From such considerations, that is, a confluence of the neo-institutional program of Henry Etzkowitz and my neo-evolutionary view, our Triple Helix model emerged in 1994: how do institutions and functions interrelate and change one another or, in other words, provide options for innovation? Under what conditions can university-industry-government relations lead to wealth generation and organized knowledge production? The starting point was a workshop about Evolutionary Economics and Chaos Theory: New directions for technology studies held in Amsterdam in 1993. Henry suggested thereafter that we could collaborate further on university-industry relations. I answered that I needed at least three (sub)dynamics from the perspective of my research program, and then we agreed about "A Triple Helix of University-Industry-Government Relations". Years later, however, we took our two lines of research apart again, and in 2002 I began developing a Triple-Helix indicator of synergy in a series of studies of national systems of innovation.
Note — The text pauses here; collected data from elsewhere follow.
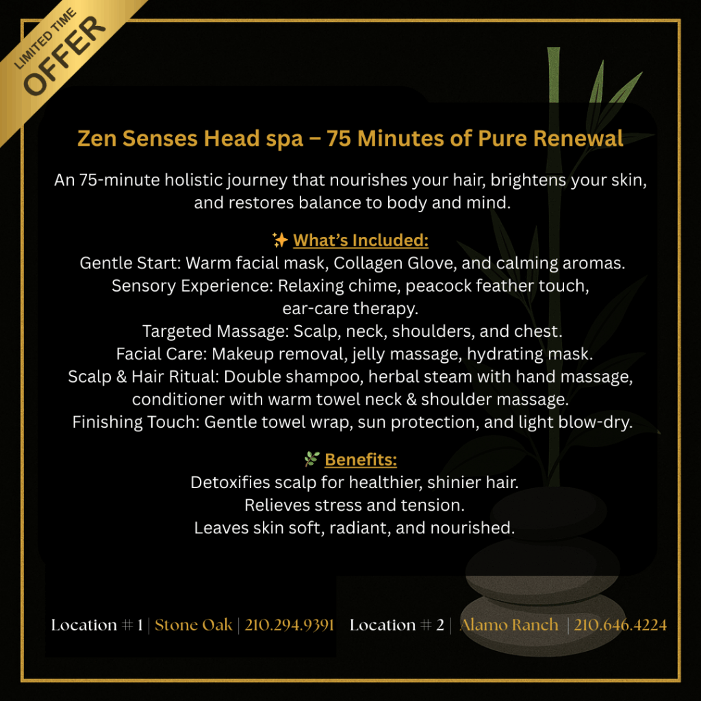 Each session includes a range of treatments such as scalp exfoliation, which gently removes buildup, and a nourishing scalp massage that promotes circulation and relaxation.
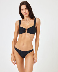 Look poised, polished and pretty in the Willow Bikini Top. This bralette style top has a centerpiece ring detail and extra-thick shoulder straps for a super comfy fit. - Bralette Style - Ring Detail - Thick Shoulder Straps - Pointelle - Removable Pads - Size XS-XL - 89% Nylon, 11% Spandex - Like all delicates, shape, color and fit are best preserved if hand washed in cold water. Lay flat to dry. - Style # PTWLT23 FIT - Coverage: Medium - Support: Medium - Adjustability: None - Model Measurements: Diana, size S - Height 5'9, Bust 31", Waist 23", Hips 34"
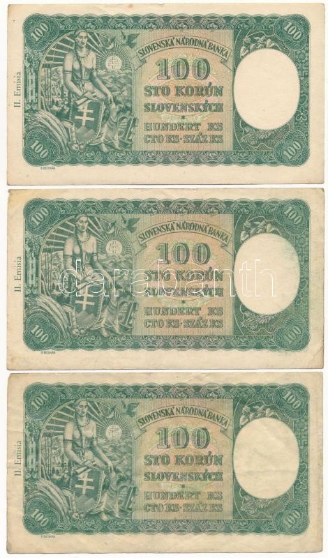 Slovakia 1... https://www.darabanth.com/hu/350-Gyorsarveres/350.0/Numizmatika/Kulfoldi-bankjegyek~2500073/Szlovakia-1940-100K-3x-sorszamkovetok-II-kiadas-TIII-Slovakia-1940-100-Korun-3x-seque~II1992641
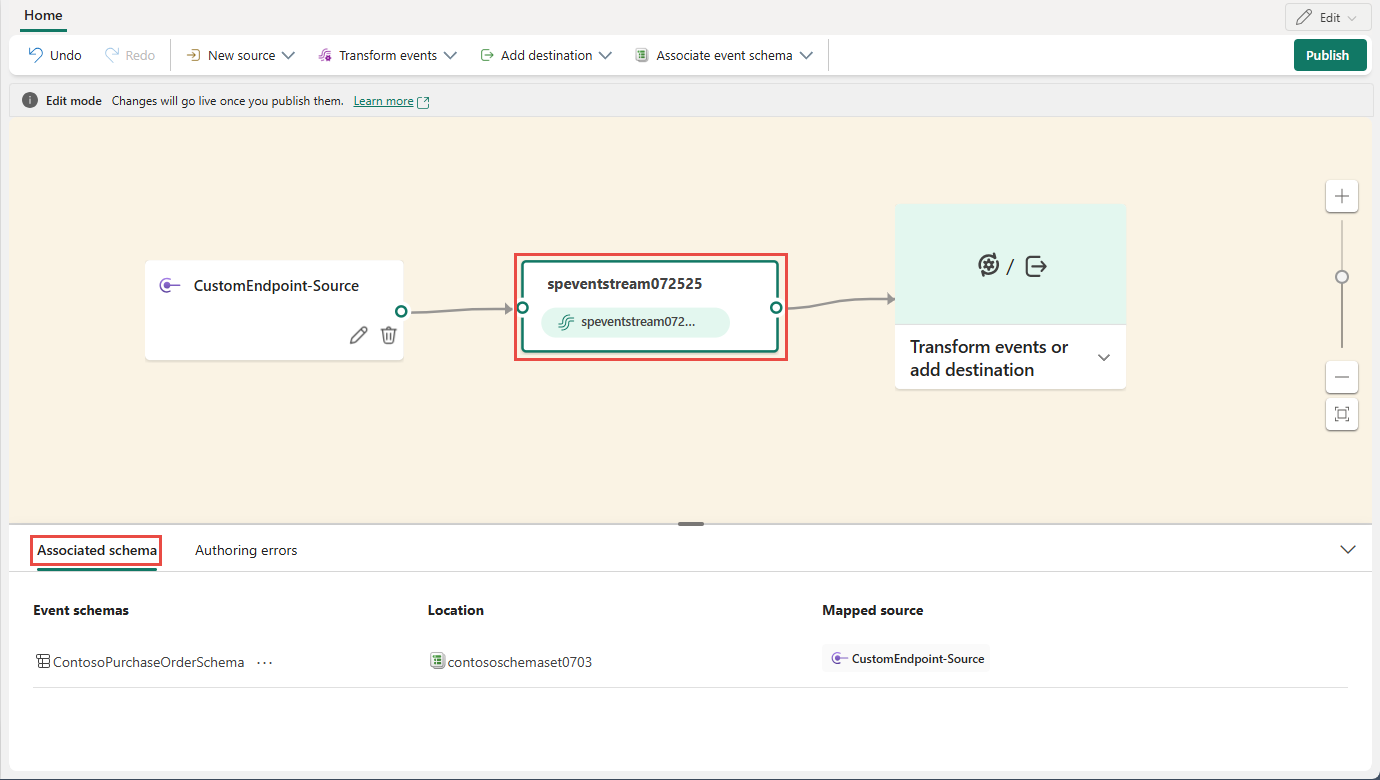 När du har skapat den anpassade slutpunktskällan läggs den till i din eventstream på arbetsytan i redigeringsläge. Om du vill implementera nyligen tillagda data från den anpassade appkällan väljer du Publicera.
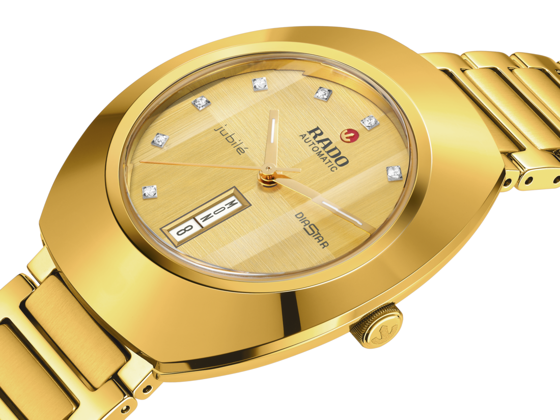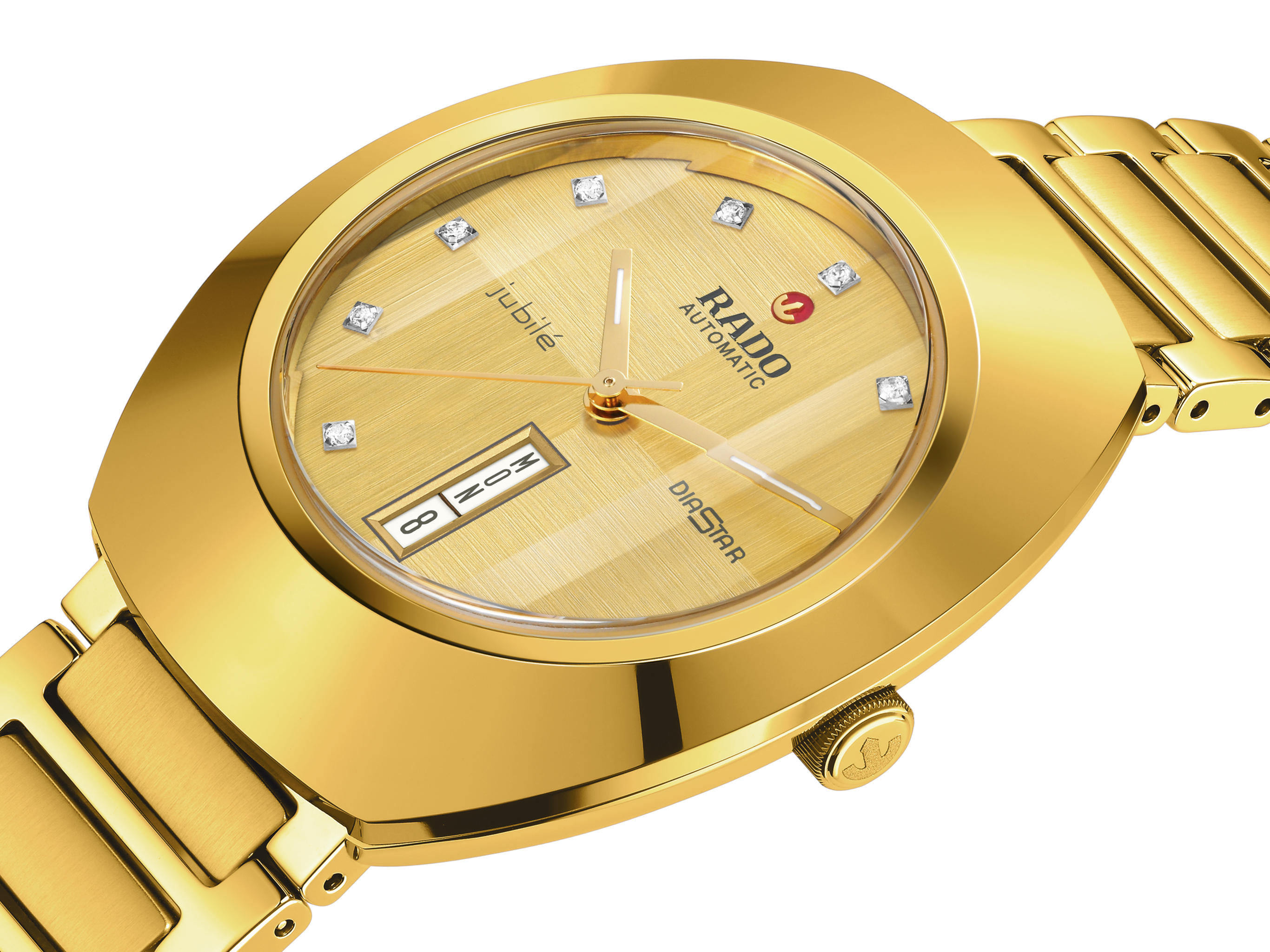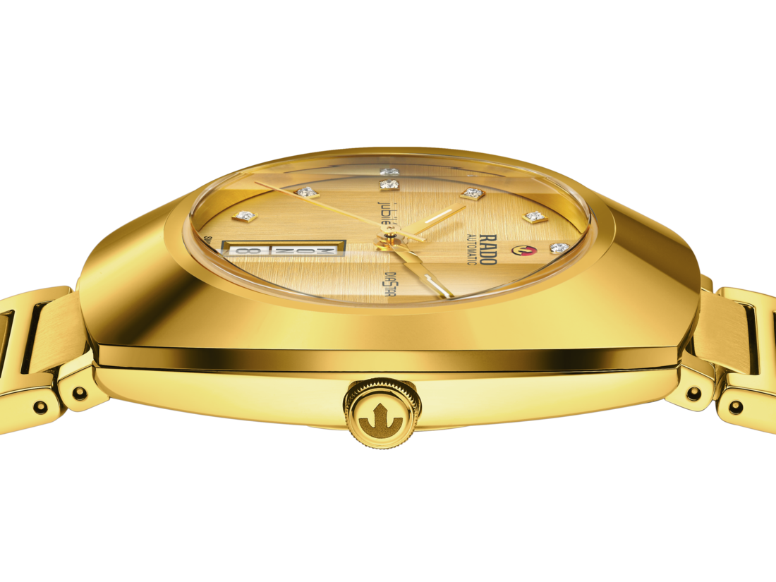 与众不同的DiaStar钻星系列创始型腕表,直径38毫米,防水深度可达100米。这枚美丽的腕表以平行条纹切面的蓝宝石水晶玻璃表镜为底,采用超亮黄金色Ceramos™碳化钛金属陶瓷纹饰,搭配抛光处理过的角度和细节点缀,镶嵌在互相搭配的黄金色PVD涂层精钢表壳上。腕表配备金色拉丝表盘,可双向旋转、具有白色Super-LumiNova®夜光涂层的黄金色指针,以及白色日期及日期显示,表盘镶嵌着11颗足瓣切割钻石,印有深灰色“jubilé”标志。搭载Rado瑞士雷达表R764型自动机械机芯,具备80小时动力储存和防磁Nivachron™摆轮游丝。表链由黄金色PVD涂层抛光与拉丝精钢制成。
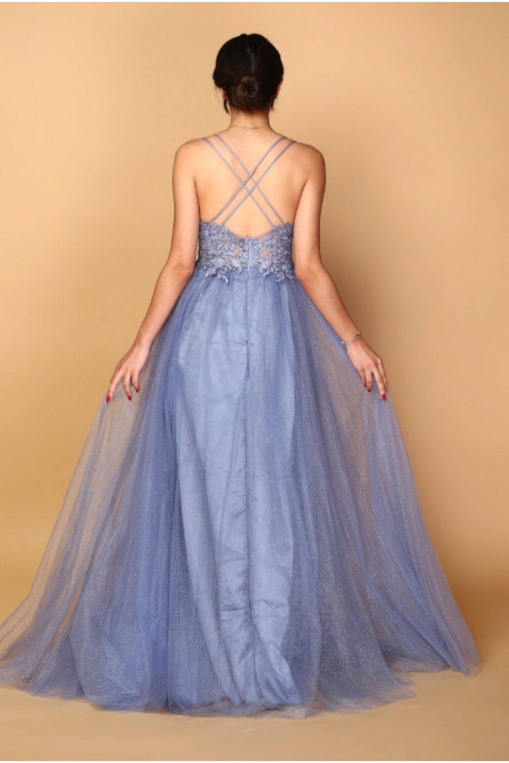 Modré třpytivé plesové šaty Paris na maturitní ples s nadýchanou sukní
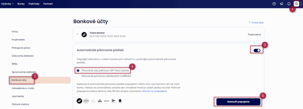 - V nastaveniach firmy A – evidencia Bankové účty, aktivujete možnosť Automatického párovania platieb, zvolíte možnosť Párovanie cez prémium API Tatra banka a zvolíte možnosť Nastaviť prepojenie. Následne budete presmerovaný do prostredia Open API Tatrabanky. Pokiaľ bankový účet prepájate prvýkrát a nie ste registrovaný, postup ako sa zaregistrovať nájdete tu: Prepojenie KROS Fakturácie s bankou pre automatické spracovanie pohybov na účte.
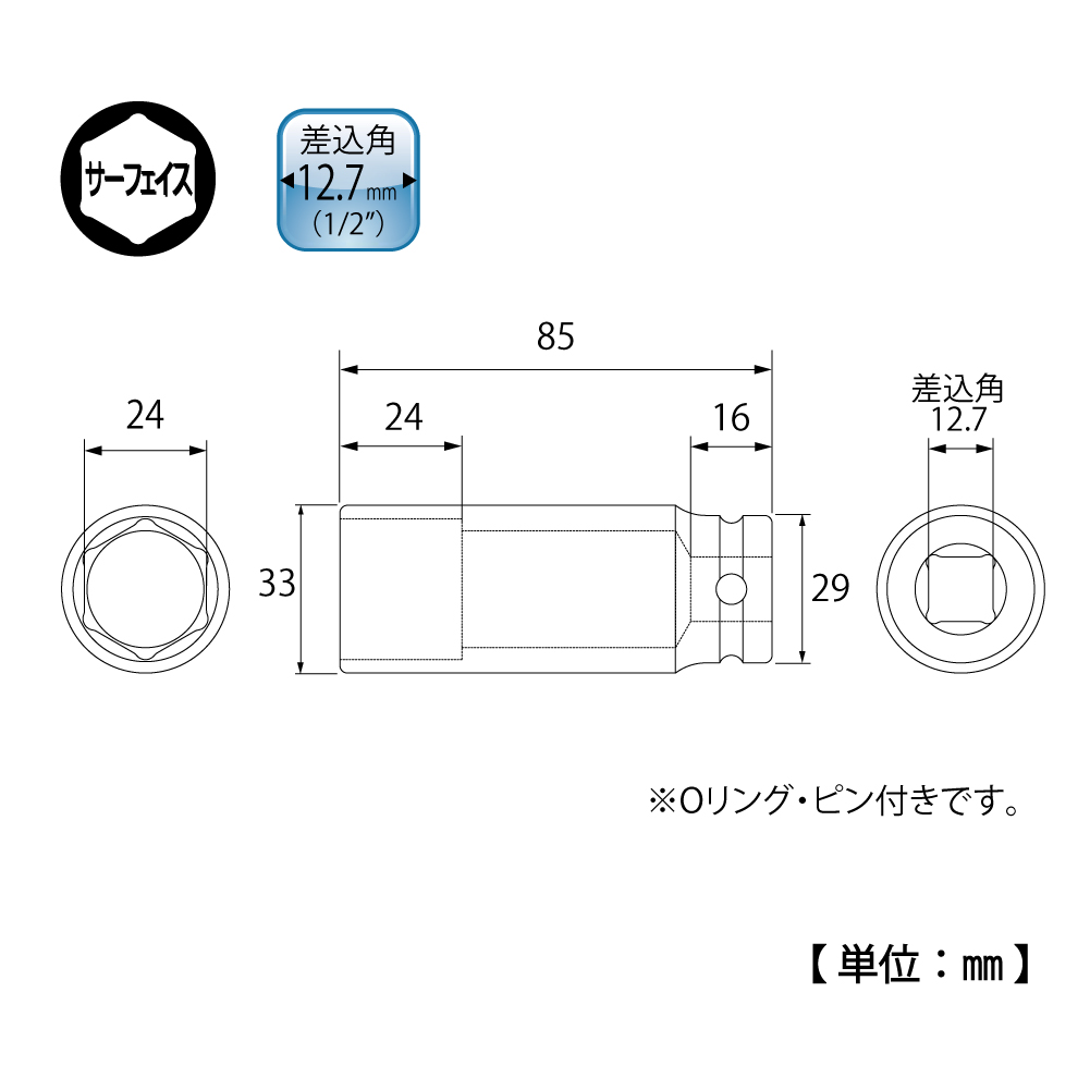 TOP Kogyo PT-424SL Super Long Impact Socket (1/2'', 24mm) | EMIN.COM.LA

What would you give as advice to students who would like to get into the field of innovation and global politics?
In general, I would advise them to be both a specialist and broader than that. Innovation involves crossing established borders. Learn at least two languages. If your background is political science, then take a minor in science & technology studies or in economics. One needs both the specialist profile and the potential to reach out to other audiences by being aware of the need to make translations between different frameworks. Learn to be reflexive about the status of what one can say in one or the other framework.
For example, I learned to avoid the formulation of grandiose statements such as "modern economies are knowledge-based economies," and to say instead: "modern economies can increasingly be considered as knowledge-based economies." The latter formulation provides room for asking "to what extent," and thus one can ask for further information, indicators, and results of the measurement.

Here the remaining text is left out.